- Exercise details: Please return exactly the lines below that run from the line with "IIe klasės mokiniai" through the end of the listing, both included, but not the pictures.

Data below below:

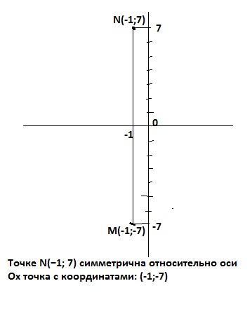 лежащая на прямой NM, параллельной оси 0y (перпендикулярной оси 0х) на расстоянии, равном y = 7 ед) с координатами: М(-1;-7).
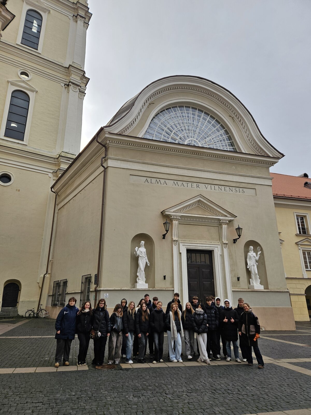 IIe klasės mokiniai Vilniaus universiteto kieme.
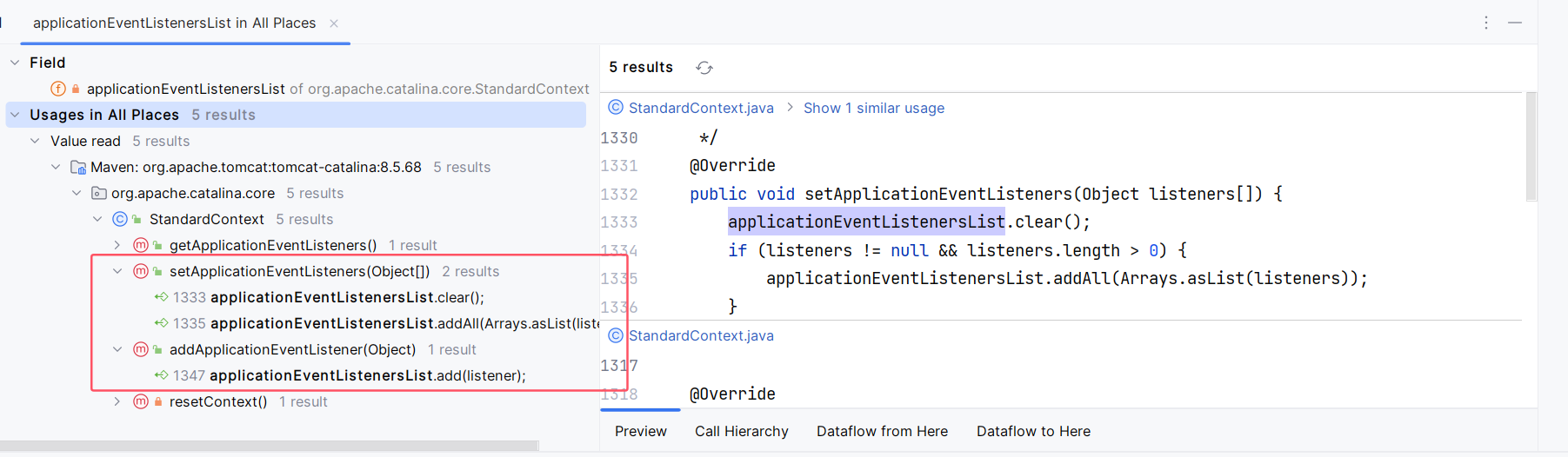 applicationEventListenersList 是 StandardContext 的一个成员属性,关注一下它是在哪被赋值的:

End of Data below.

- Task result:
 IIe klasės mokiniai Vilniaus universiteto kieme.
 applicationEventListenersList 是 StandardContext 的一个成员属性,关注一下它是在哪被赋值的:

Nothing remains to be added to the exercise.